The plants are dioecious (rarely monoecious). Male individuals are flowering in clumps of a few flowers in the axils of leaflike bracts. Male flowers comprise 4(-5) perianth lobes of 1.5–2 mm, equaling or a bit longer than the 4-5 stamens, with filaments shorter than the anthers. Female inflorescences with one- or few-flowered glomerules of pistillate flowers, surrounded by 2 completely united bracteoles, without perianth, consisting of an ovary with 2 stigmas, that protrude through the opening in the covering bracteoles.

In fruit, the orbicular to broadly elliptic bracteoles enlarge up to 7.5-14 × 6–12 mm and form a flattened wing-like structure. They become bright pink to red-tinged, yellowish green, or whitish, making the plant one of the more colorful shrubs in the springtime habitat.
The enclosed fruit (utricle) is brown, 1.5–2 mm, with free pericarp. The vertically orientated seed is compressed-lenticular and has a brown, tuberculate seed coat. The annular embryo surrounds the copious perisperm.

The chromosome number is 2n = 36.

The shrub sheds its leaves and flowers by the summer in hot or dry areas and becomes a woody gray thicket; it is evergreen in some regions.

==Distribution==
Grayia spinosa is widely distributed across the Western United States and is native in Colorado, Idaho, Montana, Oregon, Washington, Wyoming, Arizona, California, Nevada and Utah.
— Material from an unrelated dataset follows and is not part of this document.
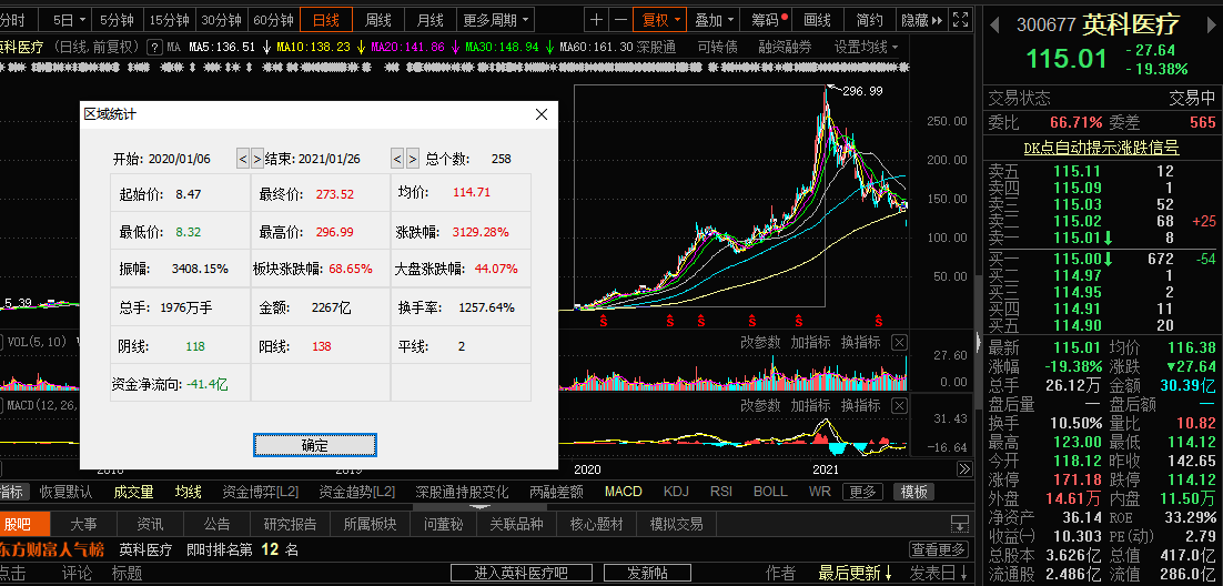 受益于疫情期间手套产品大卖,英科医疗去年业绩大增,股价也于去年一路走高,区间涨幅超过30倍。

It grows in valleys and at foothills from 500 to 2400 m, on dry, alkaline or scarcely alkaline soils, in sagebrush, shadscale, or creosote bush communities.

==Taxonomy==
The species has been first described in 1838 by William Jackson Hooker as Chenopodium spinosum Hook. (In: Flora Boreali-Americana 2(9), p. 127). In 1840, William Jackson Hooker and George Arnott Walker-Arnott moved it to a separate genus, Grayia (in: The Botany of Captain Beechey's Voyage (p. 387–388)[3]), but they used the illegitimate name Grayia polygaloides Hook. & Arn. In 1849, Alfred Moquin-Tandon made the valid combination as Grayia spinosa (Hook.) Moq. (in Candolle: Prodromus Systematis Naturalis Regni Vegetabilis 13(2), p. 119).